You’d hardly call anything Madonna does modest, but the Rebel Heart Tour show was certainly one of her most relaxed productions, less focused on an overarching theme or story arc and more about delivering a bunch of intriguing and, often, boundary-pushing performances. The night’s energy was front-loaded, with the latter third of the show more chatty and ebb-and-flow — and, at times, dragging — but thumping versions of Music, Candy Shop and the buoyant encore Holiday came along in time to regain any momentum that was lost.
And while recent Madonna tours have gone relatively light on familiar material in favor of the then-new albums, Thursday’s show had a more fan-pleasing balance. A generous 10-song sampling from this year’s Rebel Heart certainly provided the framework, but Madonna nodded frequently to the past, albeit with new, often spare arrangements of favorites such as Like A Virgin, Deeper And Deeper, a medley of Dress You Up, Into The Groove and Lucky Star,” and a hard-rocking treatment of Burning Up that featured Madonna on electric guitar.
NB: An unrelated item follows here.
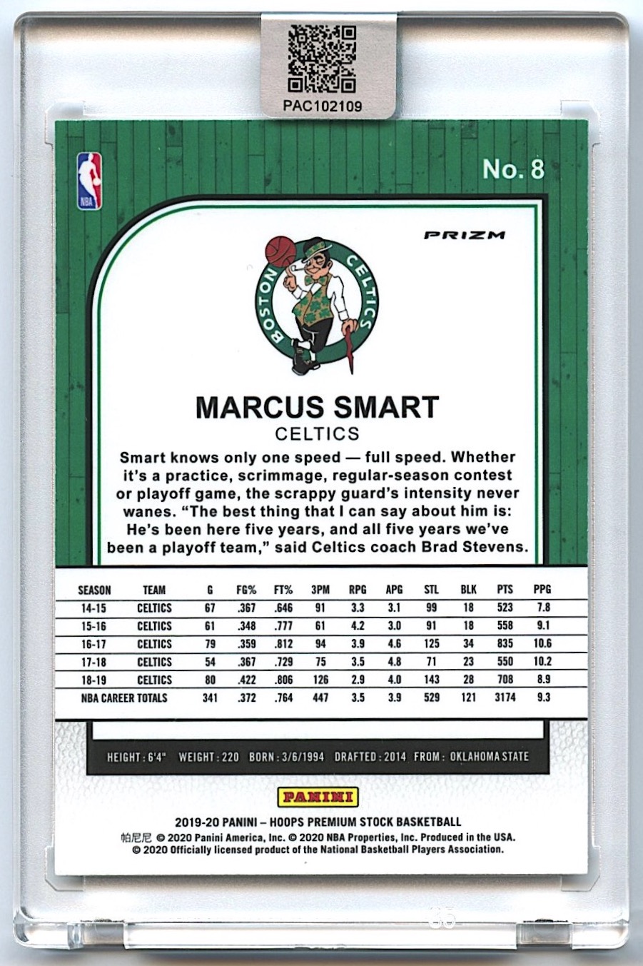 Marcus Smart Signed 2019-20 NBA Premium Stock Silver Pulsar Prizm #8 (PA Encapsulated)

She performed Who’s That Girl acoustically and tossed in an unplugged version of Frozen especially for Thursday’s show.
After waving the Detroit flag for much of the night Madonna finished with an American flag as she was hoisted into the rafters at the end of Holiday. “My home town,” she said, “It’s so good to be home.” And you’d be hard-pressed to find anyone at Joe Louis whose feelings weren’t mutual.